It is well for us to go back upon the wings of memory to that halcyon epoch of youth in University days, when all of us were "Eager-hearted as a boy when first he leaves his father's field."

Like the imperial city of the Cæsars, embosomed in green hills above a winding river, Austin reminded us yet more of that other ancient capital, the birthplace of poets and of sages, "Athens, the eye of Greece, mother of arts and eloquence." There we were transplanted to the golden age.

We wandered "Where the muses haunt, clear spring or shady grove or sunny hill." We were revelers in the realm of old romance. What adventures were ours with Giaffar and Haroun al Raschid disguised at night in the streets of Bagdad!

We walked with Vathek through the gloomy, vast and silent halls of Eblis. We wooed the laughter-loving Undine by the silverthreaded streams of the black German forest.

We followed the wayward footsteps of the miscreated Frankenstein.

We were idle dreamers with Rasselas in the happy valley.

We fought with Douglas for the golden casket that enshrined the heart of Robert Bruce.
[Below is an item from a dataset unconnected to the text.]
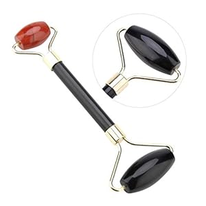 Double Head Stone Massager, Obsidian + Carbuncle Massage Roller Gepolijst oppervlak Jade Roller Skin Gym Roller voor…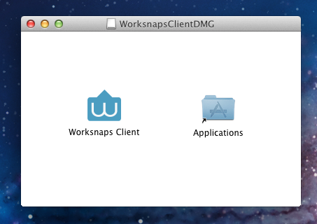 - You should see an installation window like this one . Just drag the Worksnaps Client icon to the Application folder.

We drank with the Christian knight and the Saracen chieftain from the limpid fountain in the diamond of the desert.

We were devotees of literature, votaries of science, disciples of all divine philosophies. We lived in an atmosphere perfumed with the memory of heroic deeds.

We were reared in the legends of liberty and trained in traditions of heroism. Standing out in the horizon of the past, were the colossal figures of the founders of the Texas Republic.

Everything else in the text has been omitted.